## Task to complete:
Given the listing below, write out exactly the lines starting with the line that has "- Emprise au sol : 25 %" and going on through the line that has "Mercari is working", both kept.

## Provided records:
»»
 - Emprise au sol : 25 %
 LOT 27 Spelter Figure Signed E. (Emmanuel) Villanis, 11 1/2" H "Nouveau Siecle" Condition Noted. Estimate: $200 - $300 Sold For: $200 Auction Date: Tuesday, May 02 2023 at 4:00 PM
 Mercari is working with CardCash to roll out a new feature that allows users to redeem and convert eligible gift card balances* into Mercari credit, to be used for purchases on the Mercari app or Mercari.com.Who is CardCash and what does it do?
««
»»
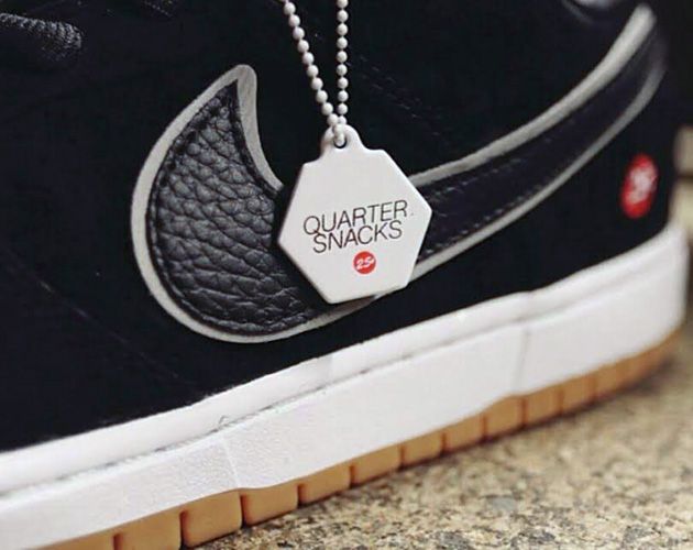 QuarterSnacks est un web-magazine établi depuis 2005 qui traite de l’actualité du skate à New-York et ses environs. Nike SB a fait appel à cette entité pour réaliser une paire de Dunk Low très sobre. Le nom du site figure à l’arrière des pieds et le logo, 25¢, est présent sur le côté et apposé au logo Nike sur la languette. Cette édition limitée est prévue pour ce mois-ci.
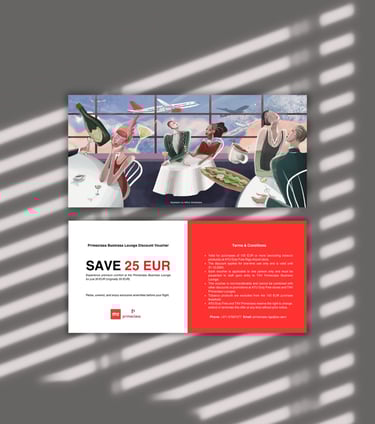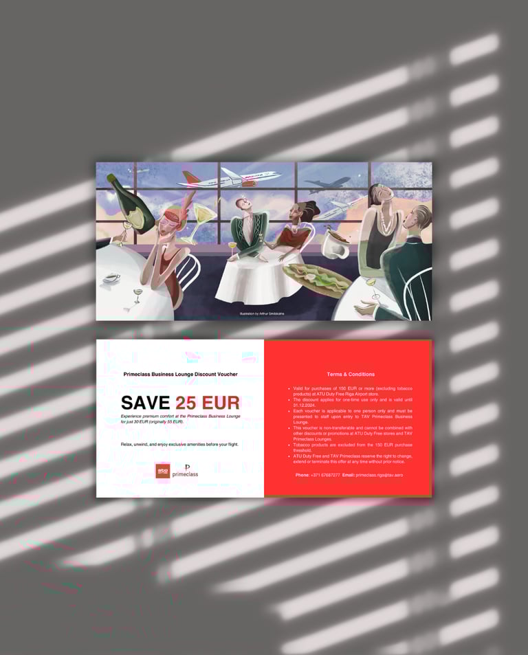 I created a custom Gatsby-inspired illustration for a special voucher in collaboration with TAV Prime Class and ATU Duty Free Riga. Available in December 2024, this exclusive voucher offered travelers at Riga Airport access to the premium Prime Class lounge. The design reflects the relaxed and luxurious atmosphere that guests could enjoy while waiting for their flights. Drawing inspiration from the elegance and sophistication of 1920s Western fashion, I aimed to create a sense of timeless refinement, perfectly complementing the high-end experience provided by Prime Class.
««
»»
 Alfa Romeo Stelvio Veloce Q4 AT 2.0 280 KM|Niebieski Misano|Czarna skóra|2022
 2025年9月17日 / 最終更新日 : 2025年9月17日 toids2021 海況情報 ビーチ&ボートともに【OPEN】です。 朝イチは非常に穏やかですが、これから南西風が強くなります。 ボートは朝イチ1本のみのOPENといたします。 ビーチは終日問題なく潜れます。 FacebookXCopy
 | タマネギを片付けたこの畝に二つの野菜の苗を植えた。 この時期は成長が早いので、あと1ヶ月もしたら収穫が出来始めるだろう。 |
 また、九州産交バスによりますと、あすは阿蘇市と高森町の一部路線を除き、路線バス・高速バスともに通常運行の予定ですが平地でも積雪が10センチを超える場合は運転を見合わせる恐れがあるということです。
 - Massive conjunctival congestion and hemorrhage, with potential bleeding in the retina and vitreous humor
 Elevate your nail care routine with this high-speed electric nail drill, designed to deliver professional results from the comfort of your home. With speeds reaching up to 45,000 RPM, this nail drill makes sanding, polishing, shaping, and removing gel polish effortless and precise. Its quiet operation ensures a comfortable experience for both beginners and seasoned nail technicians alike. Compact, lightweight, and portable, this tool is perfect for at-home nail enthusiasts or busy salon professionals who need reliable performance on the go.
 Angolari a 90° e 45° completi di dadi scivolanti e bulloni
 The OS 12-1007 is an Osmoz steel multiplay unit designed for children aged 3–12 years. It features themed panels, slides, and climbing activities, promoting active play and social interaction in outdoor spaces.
««
## Solved problem:
 - Emprise au sol : 25 %
 LOT 27 Spelter Figure Signed E. (Emmanuel) Villanis, 11 1/2" H "Nouveau Siecle" Condition Noted. Estimate: $200 - $300 Sold For: $200 Auction Date: Tuesday, May 02 2023 at 4:00 PM
 Mercari is working with CardCash to roll out a new feature that allows users to redeem and convert eligible gift card balances* into Mercari credit, to be used for purchases on the Mercari app or Mercari.com.Who is CardCash and what does it do?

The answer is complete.